When I was younger, when I dreamed of being a writer, I didn’t see myself writing romance. I wanted to write Young Adult novels. LGBTQIA romance is something I kinda stumbled into. Turns out, though? I love writing romance. I’m having fun and getting to tell stories I love. It’s totally not where I expected to end up, but now that I’m here, I’m glad that I did.
Where on the spectrum do you identify?
I identify as biromantic demisexual.
Have you encountered any kind of ace prejudice or ignorance in your field? If so, how do you handle it?
I’m lucky to work at a publishing company that works hard to be inclusive, so I’ve never run into any issues with anyone at Less than Three Press, or with any other authors. However, I do unfortunately get the occasional review that’s acephobic or just uneducated about asexuality in general.
I think, like with anyone, I have my good days and bad days when it comes to dealing with prejudice or ignorance. Sometimes it’s easy, sometimes not so much. On the days it’s harder to brush off, I try to remind myself that part of why I write LGBTQIA fiction is because of how little representation there is out there. A lot of people don’t know or understand what asexuality is and, my hope, is by putting it out there in my writing that it will help educate people. And if not? Well, my writing isn’t for them. It’s for people, like me, who want to see themselves in stories. If even just one person out there feels a little bit less alone, or realizes that they are not broken and are fine just how they are, because of something I wrote, then that’s all that matters.
What’s the most common misconception about asexuality that you’ve encountered?
This is a tough one. There are a few things I hear all the time, even from my own family, but I guess the most common would be is that asexuality isn’t a real thing. I’ve seen arguments that aces just haven’t met the right person, that we need to experiment more with sex, or that we just have low sex drives and medication would fix things. I’ve even seen accusations that asexuals are making it up for attention, or so we’ll be included in queer community without actually being queer.
But the craziest thing I’ve heard? I’ve legit had my own family tell me that my lack of interest in sex is normal for women. Lots of women feel like I do, so clearly asexuality is a made-up thing and why do I need a special label for it anyway?

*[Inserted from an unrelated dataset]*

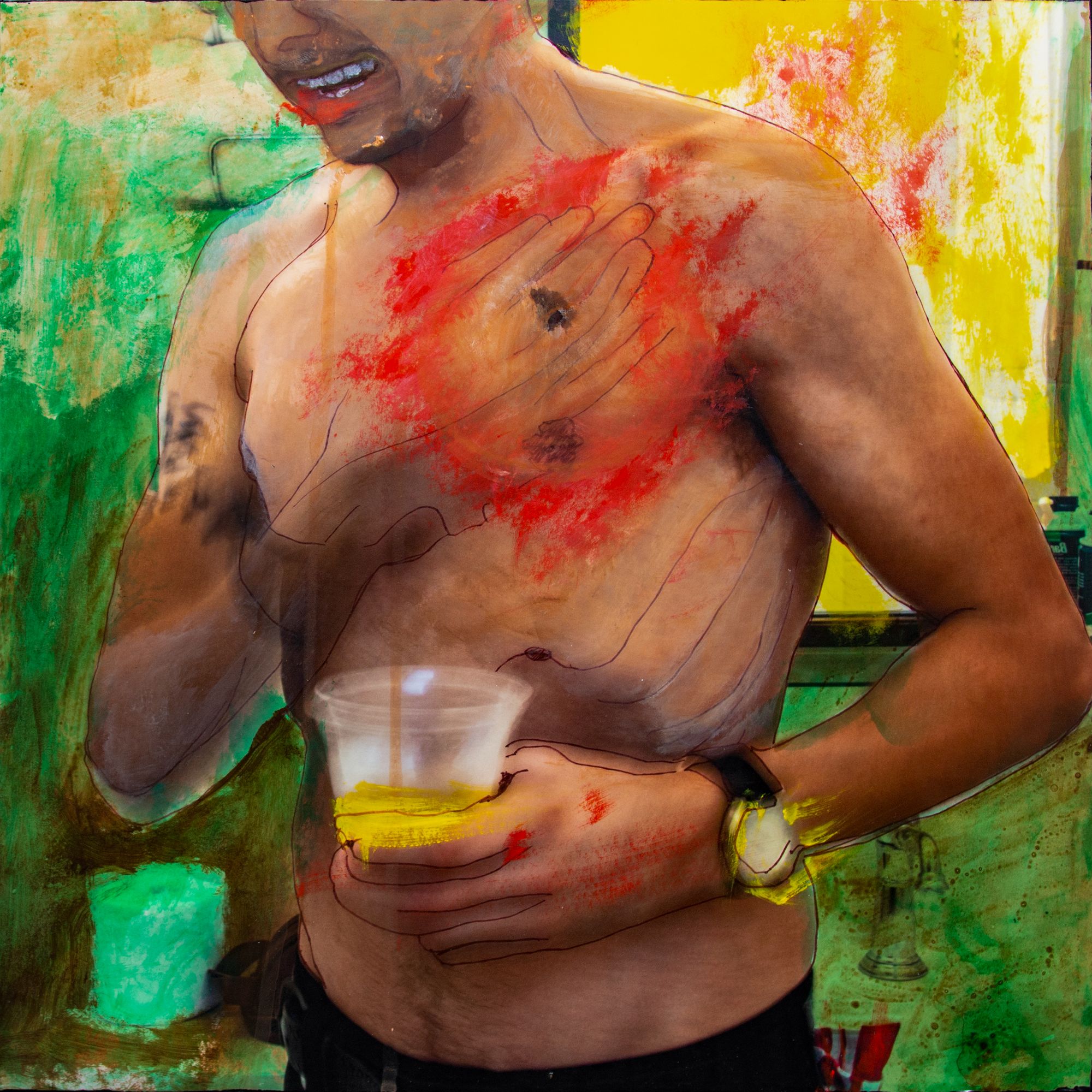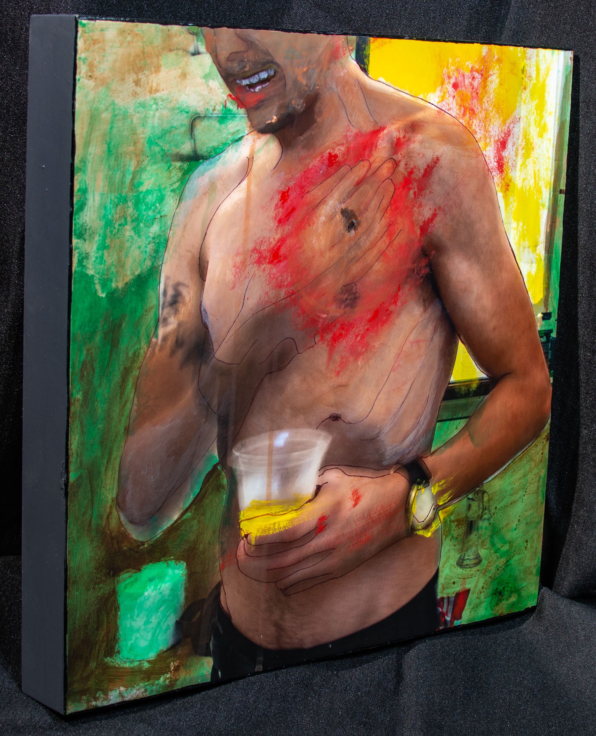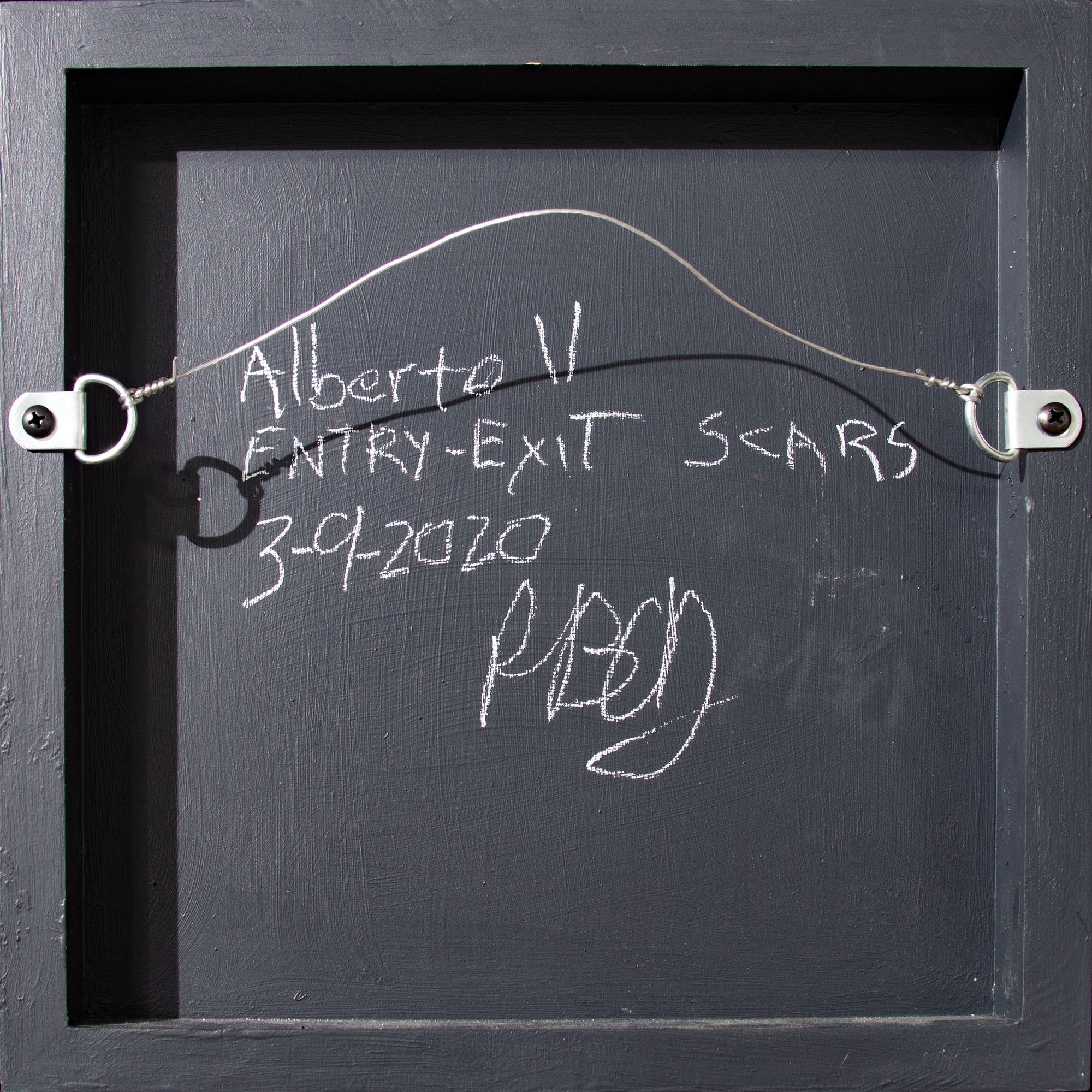 AV has a scar in the front and a bit lower in the back. This shoot took place in room 110 of the Lafayette Hotel during the Hotel/Motel Unofficial Art Fair 2018. 12x12x1.5" mixed media, acrylics, micron pens, and underprint.

It’s a lot of bullshit arguments with nothing to back them up other than ignorance, sexism, and acephobia.
What advice would you give to any asexual individuals out there who might be struggling with their orientation?
You’re not alone. I know that there are times when it feels like you are, and that you might always will be, but nothing could be further from the truth. There are people out there, both asexuals and allosexuals, who love you and accept you for who you are. There’s an entire community eager to embrace you. You belong, you’re valid, and you are loved. And, if you ever need anyone to talk to, I’m here for you.
Finally, where can people find out more about your work?
They can check me out at my website (http://www.jennarosewrites.com) which has links to my Facebook, Tumblr, and other social media accounts as well as information on where to find my books.
They can also head on over to the official Kanaan & Tilney website (http://kanaanandtilneyinvestigations.com).
Thank you, Jenna, for participating in this interview and this project. It’s very much appreciated.